_DATA EXCERPTS_
######

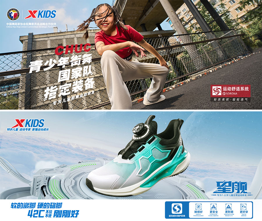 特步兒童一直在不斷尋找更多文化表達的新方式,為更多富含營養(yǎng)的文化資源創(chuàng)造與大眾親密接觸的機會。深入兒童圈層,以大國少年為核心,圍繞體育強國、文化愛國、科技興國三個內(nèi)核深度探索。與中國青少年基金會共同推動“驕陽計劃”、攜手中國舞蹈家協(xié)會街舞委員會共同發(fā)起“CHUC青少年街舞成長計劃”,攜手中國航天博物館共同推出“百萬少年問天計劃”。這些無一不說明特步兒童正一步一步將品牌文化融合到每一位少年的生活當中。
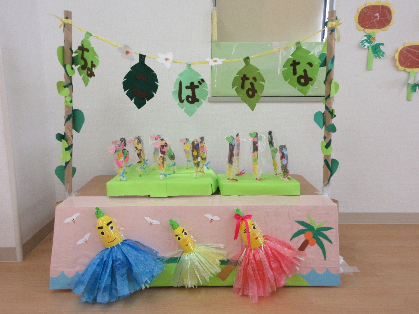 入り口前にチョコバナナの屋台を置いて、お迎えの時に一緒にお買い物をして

######

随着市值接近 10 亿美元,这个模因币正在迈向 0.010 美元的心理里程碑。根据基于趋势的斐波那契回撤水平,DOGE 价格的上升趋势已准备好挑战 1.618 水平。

######

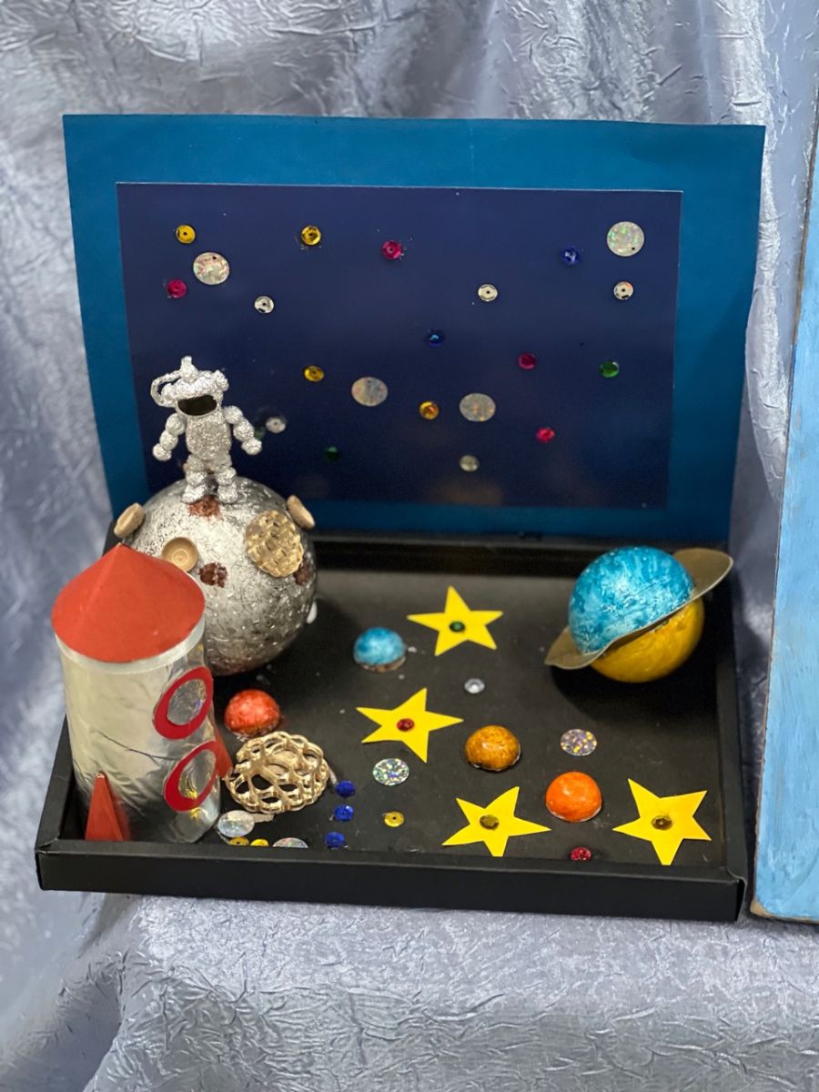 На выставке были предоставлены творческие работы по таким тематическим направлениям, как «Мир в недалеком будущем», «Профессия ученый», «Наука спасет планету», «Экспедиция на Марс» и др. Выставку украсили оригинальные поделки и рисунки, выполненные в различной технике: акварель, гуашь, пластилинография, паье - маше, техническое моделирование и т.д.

######

_WORK TASK_
Starting at the line containing "特步兒童一直在不斷尋找更多文" and stopping at the line containing "入り口前にチョコバナナの屋台を置いて、お迎えの時に一緒にお買い物をして", output each line exactly as it appears above. Leave out the pictures.

_ANSWER BELOW_
 特步兒童一直在不斷尋找更多文化表達的新方式,為更多富含營養(yǎng)的文化資源創(chuàng)造與大眾親密接觸的機會。深入兒童圈層,以大國少年為核心,圍繞體育強國、文化愛國、科技興國三個內(nèi)核深度探索。與中國青少年基金會共同推動“驕陽計劃”、攜手中國舞蹈家協(xié)會街舞委員會共同發(fā)起“CHUC青少年街舞成長計劃”,攜手中國航天博物館共同推出“百萬少年問天計劃”。這些無一不說明特步兒童正一步一步將品牌文化融合到每一位少年的生活當中。
 入り口前にチョコバナナの屋台を置いて、お迎えの時に一緒にお買い物をして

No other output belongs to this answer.